=== Exercise ===
Omit all pictures and transcribe only the lines in the entries below that run from the line with "尽管汤姆警告了他,杰克还是拿" through the line with "Сначала хотела просто".
━━━━━ Records to process ━━━━━
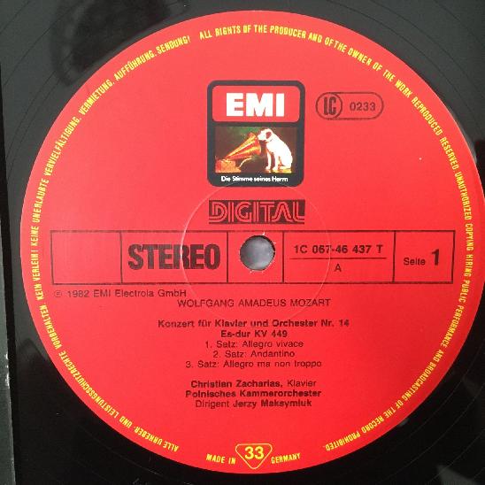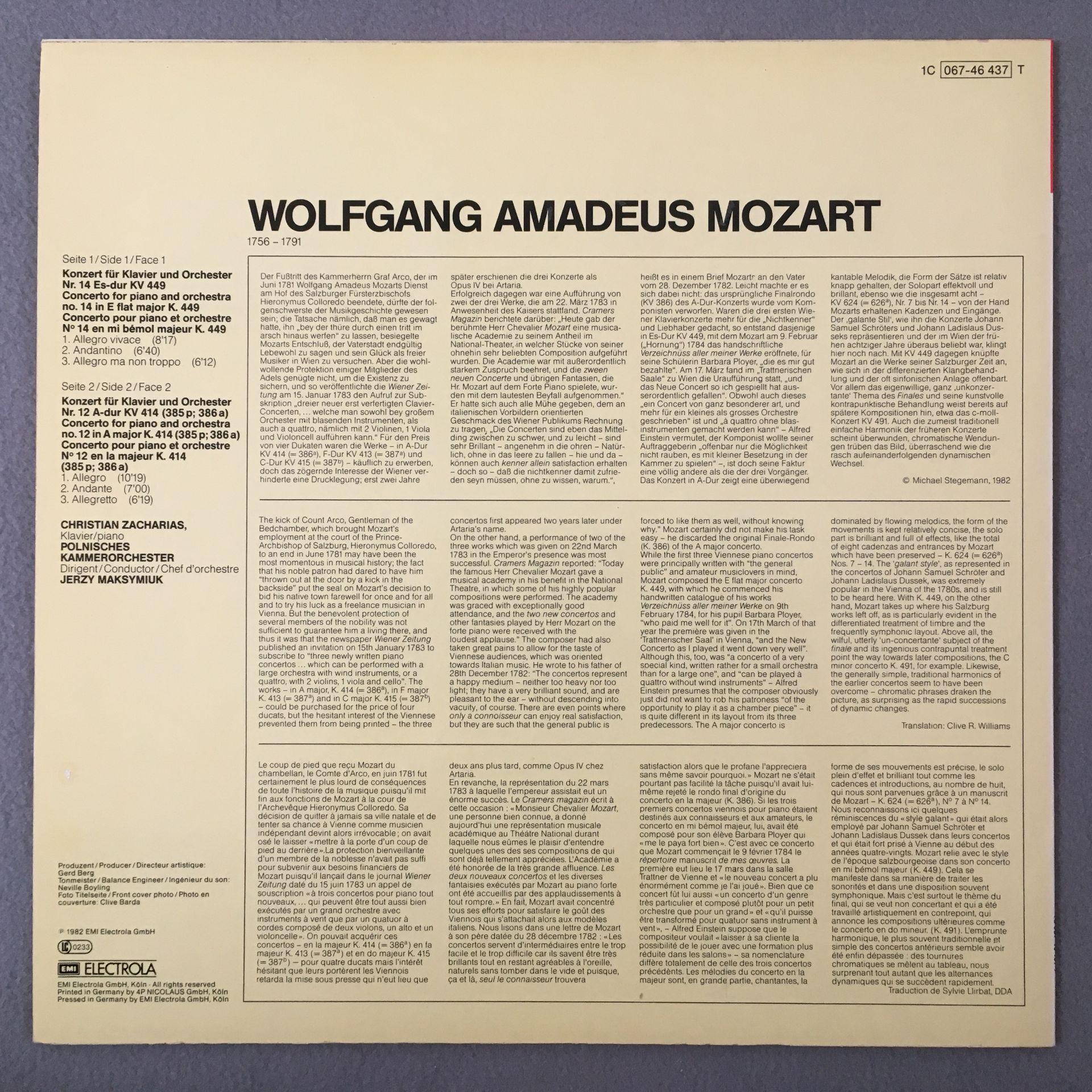 L836 Mozart Piano Concertos Zacharias Maksymiuk EMI 1C 067-46 437 T Digital Ster
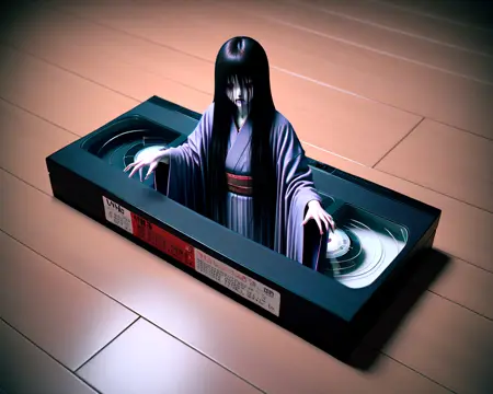 尽管汤姆警告了他,杰克还是拿起录像带的标签,好奇地凝视着。“没事的,我家里连VHS录像机都没有,”他安慰自己。标签上印着令人不安的文字:“禁播影像”,下面是一幅陈旧井口的插图。就在杰克凝视标签时,一道诡异的光突然从标签中射出,一个阴森的存在从光中显现。
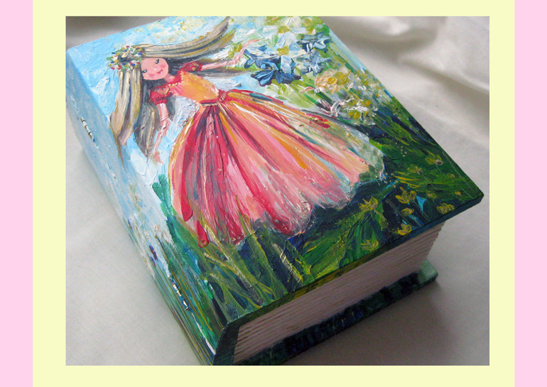 Сначала хотела просто купить в магазине, но потом решила что необходимо сделать своими руками. Купила деревянную заготовку в леонардо в виде книжки и решила расписать. Загрунтовала для начала, затем взяла акриловые краски и стала что-то рисовать, сама определенно не понимая что рисую, но первые штрихи были похожи на девочку в платье и рисунок стал постепенно проявляться. В итоге вышла девочка среди цветочного сада.
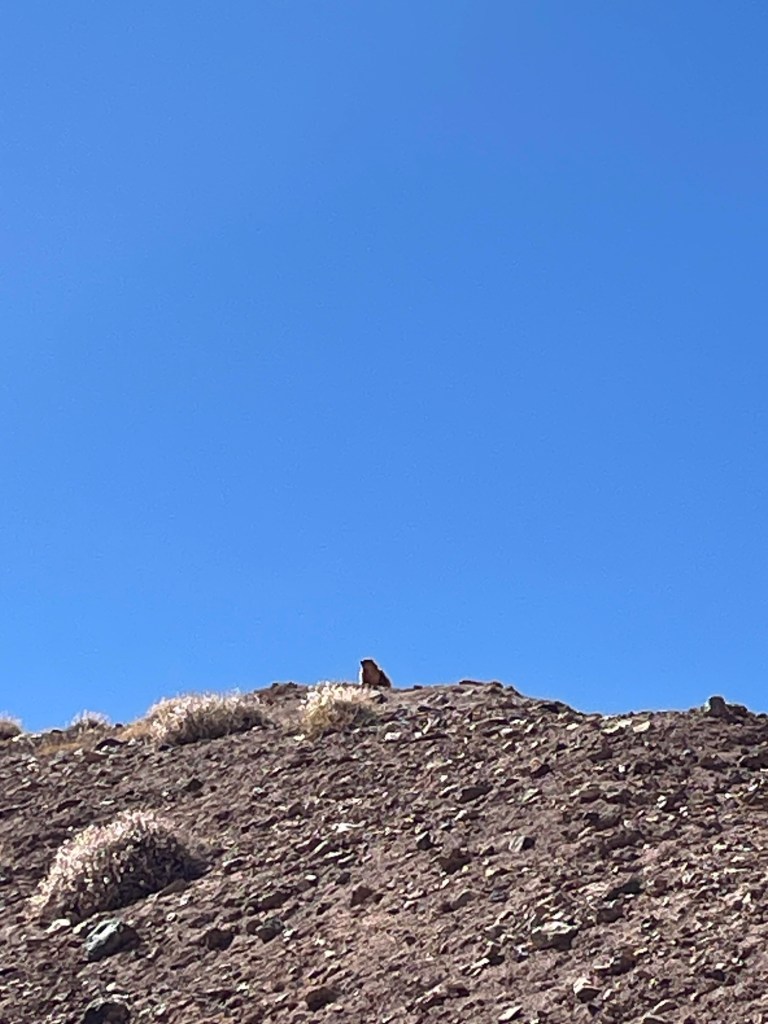 Nog geen kilometer na de schaft versnelt mijn ademhaling merkbaar. De top is niet ver meer. Over de weg waggelt haastig een logge marmot. Een paartje kruipt naar de top van een heuvel om de omgeving af te speuren. Als ik te dicht ben genaderd, in mijn poging een scherpe foto te nemen, krijst een van hen in een gek stemmetje dat er gevaar dreigt. Ik laat de potsierlijke roskoppen maar in hun habitat met rust.
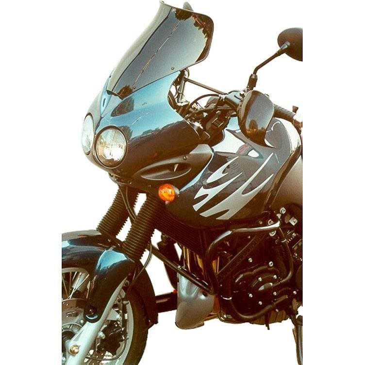 Die schwarze Tönung der MRA Tourenscheibe T bietet mehrere Vorteile. Sie reduziert die Blendung durch direkte Sonneneinstrahlung und das Scheinwerferlicht anderer Fahrzeuge, was zu einem erhöhten Sehkomfort beiträgt. Gleichzeitig verleiht sie dem Motorrad ein sportlicheres und individuelleres Aussehen, ohne die Sicht nach vorne zu beeinträchtigen.
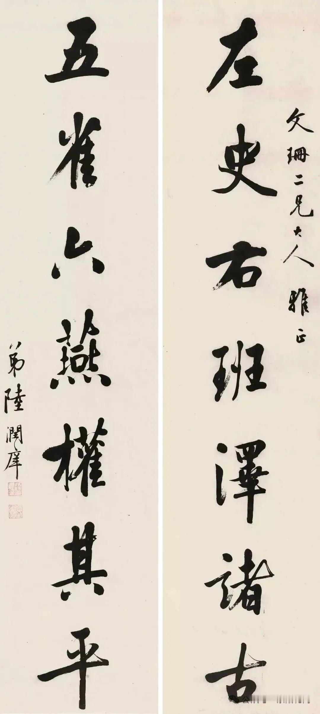 这是一副让人为之一振的绝妙楹联 🤩这副“左史右班泽诸古,五雀六燕权其平”,短短14个字,把千年文脉和世间至理都装了进去! 上联“左史右班泽诸古”,左丘明与班固两位史学大家并肩而立,《左传》的微言大义与《汉书》的雄浑笔力,如江河汇海,滋养着后世所有读书人。 下联“五雀六燕权其平”更绝!用“五雀六燕”的古老典故,讲的是称量时精准平衡的智慧,暗合着处世、治学都要追求公允之道的深刻哲理。 一边是史家的浩瀚星河,一边是人间的权衡智慧,这副楹联不仅是书法珍品,更是中国人骨子里的精神密码,让人在笔墨间读懂千年的文化底气。
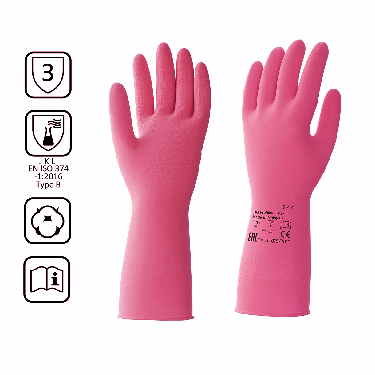 * Есть защита от кислот и щелочей, можно использовать с разведенными моющими средствами и дезинфектантами Размер: S/ 7 Длина: 30 см +/- 0,5 см Ширина ладони: 9 см +/- 0,5 см Толщина: 0,30 - 0,35 мм.
━━━━━
=== Reply to the task ===
 尽管汤姆警告了他,杰克还是拿起录像带的标签,好奇地凝视着。“没事的,我家里连VHS录像机都没有,”他安慰自己。标签上印着令人不安的文字:“禁播影像”,下面是一幅陈旧井口的插图。就在杰克凝视标签时,一道诡异的光突然从标签中射出,一个阴森的存在从光中显现。
 Сначала хотела просто купить в магазине, но потом решила что необходимо сделать своими руками. Купила деревянную заготовку в леонардо в виде книжки и решила расписать. Загрунтовала для начала, затем взяла акриловые краски и стала что-то рисовать, сама определенно не понимая что рисую, но первые штрихи были похожи на девочку в платье и рисунок стал постепенно проявляться. В итоге вышла девочка среди цветочного сада.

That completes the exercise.